» **Source records**:

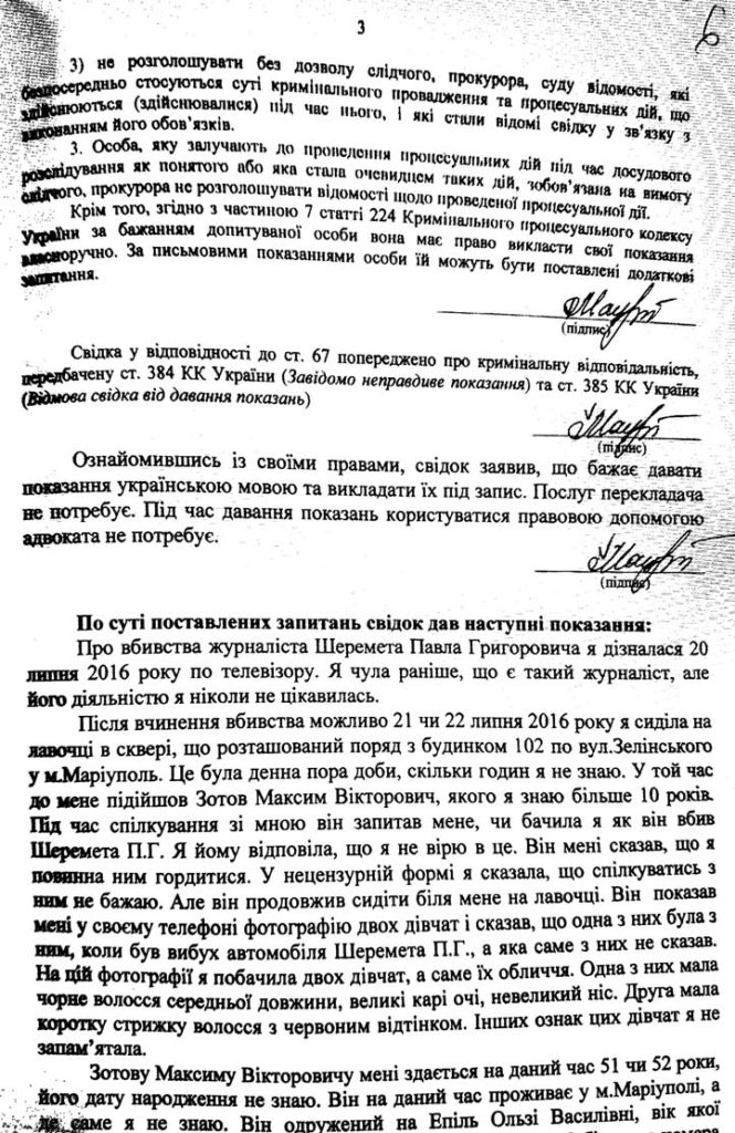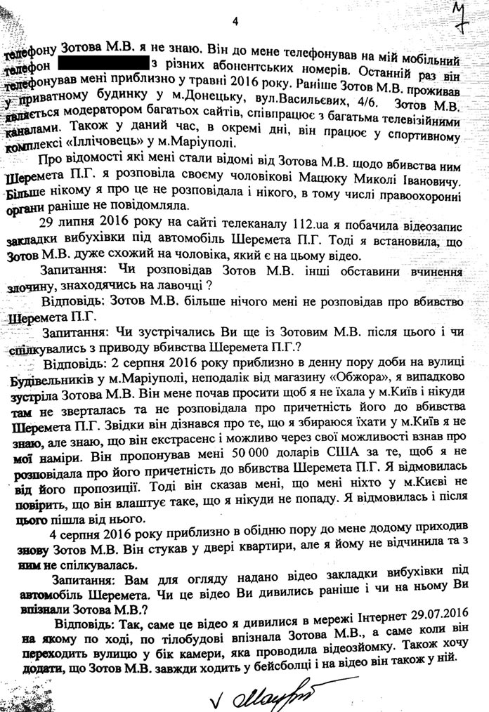 За словами Мацюк, 21 або 22 липня, коли вона сиділа на лавочці неподалік свого будинку в Маріуполі, до неї підійшов Максим Зотов і запитав, чи бачила вона, як він «убив Шеремета». Мацюк відповіла, що не вірить йому. Зото, відповів, що та «має пишатися ним» і показав фотографію в телефоні, на якій були зображені дві дівчини.
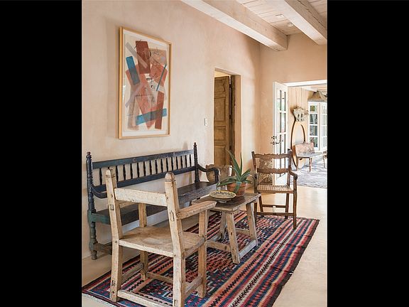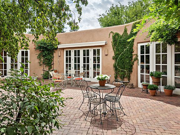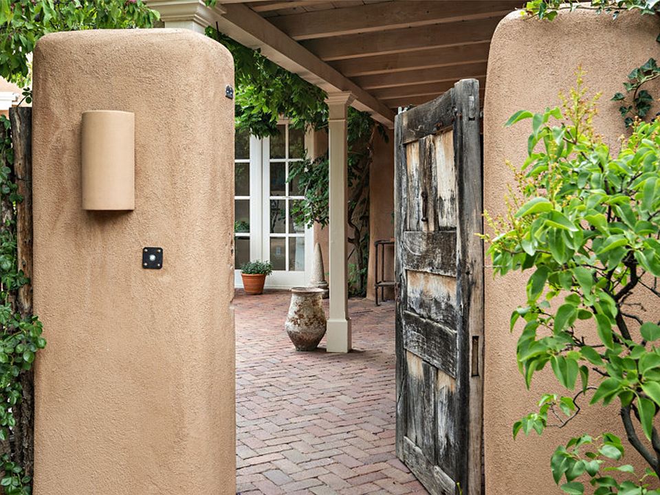 Home of the noted collector and beloved Santa Fe icon , the late Omer Claiborne- this lovely compound is tucked down a quiet lane off Canyon Road. The original home and guest house were built by Agnes Sims in 1947- 1948 . Omer designed the elegant main house in 1997 , attaching it to the original structure . This single level home has a clean , modernist aesthetic and features many architectural details , including lighted , recessed shelves for his museum quality artifacts , multiple fireplaces , concrete floors , French doors throughout , and 12’ beamed ceilings. The 2 bedroom main house opens to a gracious entry courtyard, and flows seamlessly into the original house. The original adobe building is currently used as a gallery but can easily be converted into 2 bedrooms with an existing bath and a sitting area. The detached guest house is accessed through a brick courtyard , and offers privacy and charm. The established landscaping ,coveted location and flexible spaces add to the magic of this special property.
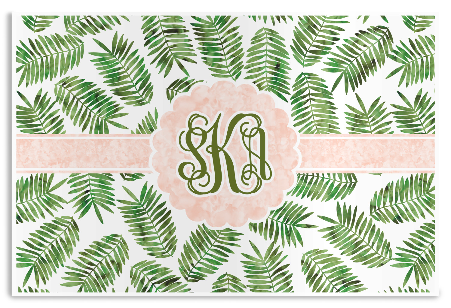 The background of the main design is filled with thin tropical leaves scattered about. The leaves are filled with a dark green watercolor texture. The ribbon and scalloped frame are filled with a light peach watercolor texture. The monogram in the middle gives an extra feminine touch to this design.
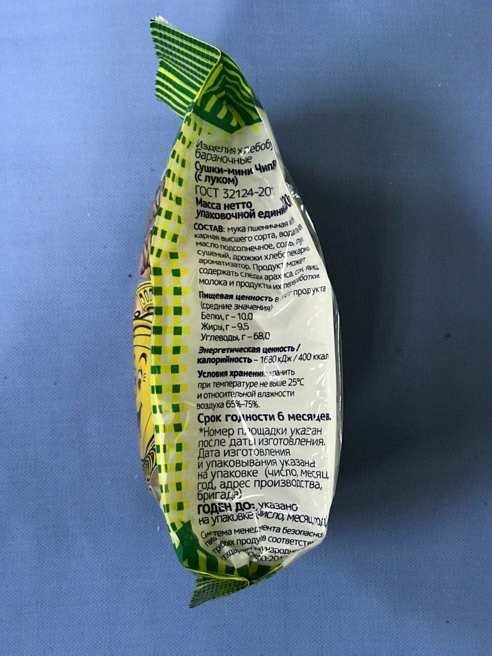 Состав: Мука пшеничная хлебопекарная высшего сорта, вода питьевая, масло подсолнечное, соль, лук сушеный, дрожжи хлебопекарные, ароматизатор. Продукт может содержать следы арахиса, кунжута, яичных и молочных продуктов
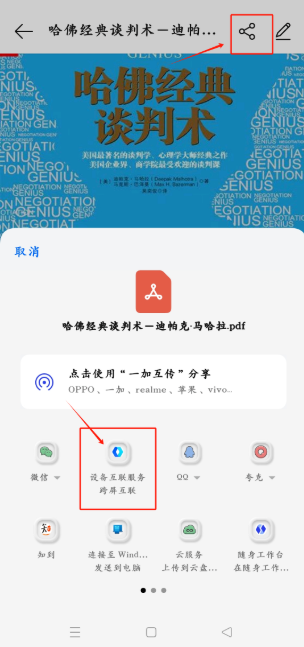 一:下拉顶部菜单,打开传输方手机的【OPPO互传功能】;

» **Work to complete**: Only the lines from the one containing "Состав: Мука пшеничная" through the last line of the entries, both included, should be repeated exactly, and the pictures should be left out.

» **Task solution**:
 Состав: Мука пшеничная хлебопекарная высшего сорта, вода питьевая, масло подсолнечное, соль, лук сушеный, дрожжи хлебопекарные, ароматизатор. Продукт может содержать следы арахиса, кунжута, яичных и молочных продуктов
 一:下拉顶部菜单,打开传输方手机的【OPPO互传功能】;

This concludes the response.